A trzeba pamiętać, że w ramach nowelizacji prawa o ruchu drogowym, ustalającej nowy taryfikator kar za nieprzestrzeganie przepisów, wprowadzono także powiązanie liczby punktów karnych ze stawkami za OC komunikacyjne. Na mocy nowych przepisów ubezpieczyciele będą mogli wykorzystywać informacje o punktach karnych i naruszeniach, za które je przyznano, do ustalania składki dla posiadacza pojazdu. Z nowego źródła informacji towarzystwa skorzystają jednak dopiero za pół roku. Wynika to z konieczności usystematyzowania przesyłania informacji pomiędzy ubezpieczycielami a Ubezpieczeniowym Funduszem Gwarancyjnym, który to będzie się zajmował przekazaniem odpowiednich danych dotyczących wykroczeń kierowców.
Zresztą wokół ubezpieczeń komunikacyjnych ostatnio dużo się dzieje. W obliczu rozkręcającej się wojny cenowej przedstawiciele rynku patrzą po sobie w oczekiwaniu na pierwszego, który podniesie stawki. Ale jako że pierwszy, który się wychyli, zacznie tracić rynek, to odważnych na razie nie ma. I podczas gdy inflacja ciągnie wszystkie koszty w górę, ceny za ubezpieczenia komunikacyjne stoją w miejscu, a nawet – jak wynika z danych Rankomatu – spadają (w ostatnim kwartale 2021 r. średnia cena za OC była według porównywarki o 10 proc. niższa niż rok wcześniej).
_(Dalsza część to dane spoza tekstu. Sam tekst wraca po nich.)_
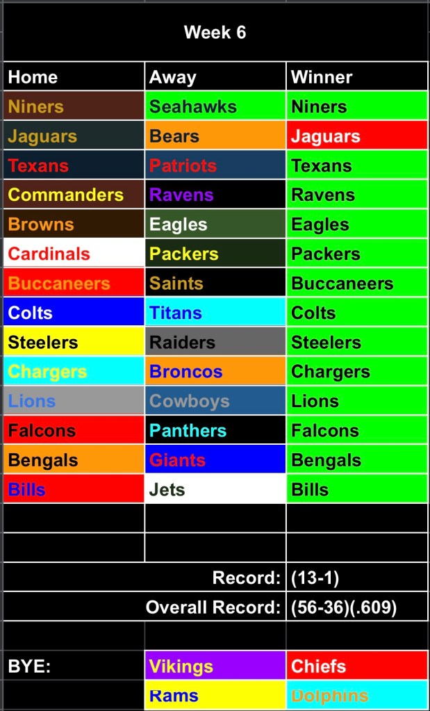 Once I took in the full scope of what had transpired on Sunday by the end of the late slate, I realized I had made an egregious error. Only one loss through 12 games, hey, that’s pretty good. But really, it was too good, or maybe it just wasn’t good enough. I can handle a .500 day, a .750 is always nice, but I quickly realized I was in a precarious position. If I drop another game or two, it’s not great but I can manage. But if I win out (and boy did I), I’ll have to live with the one miss being because I picked the Jaguars to win a football game in 2024. Unbelievable, but let me walk you through my logic here: I knew that the Jags/Bears affair in London could get kinda weird. I knew that the Jags had a lot of experience playing across the pond. Jacksonville really needed to get some momentum going after picking up their first win in Week 5. After all, this team was supposed to be competing for the AFC South title. Yeah, they got off to a slow start, and the Bills game was embarrassing, but the rest of their games were close. The other 3 losses were by a combined total of 12. This is a decent team, they just had some bad breaks. But now look at ‘em. Just beat the Colts, they know London like the back of their hand, I think I gotta roll with them…

Na niepokojącą sytuację w komunikacji zwracał uwagę przewodniczący KNF Jacek Jastrzębski już podczas październikowego kongresu Polskiej Izby Ubezpieczeń, czyli dorocznego spotkania środowiska ubezpieczeniowego w Sopocie. Nadzór miał nawet przyjrzeć się adekwatności stawek. Na razie jednak nic o tym nie słychać. Ale za to KNF postanowił wymusztrować nadzorowane przez siebie podmioty w kwestiach związanych z likwidacją szkód. Przed świętami skierował do konsultacji projekt rekomendacji dotyczących likwidacji szkód komunikacyjnych.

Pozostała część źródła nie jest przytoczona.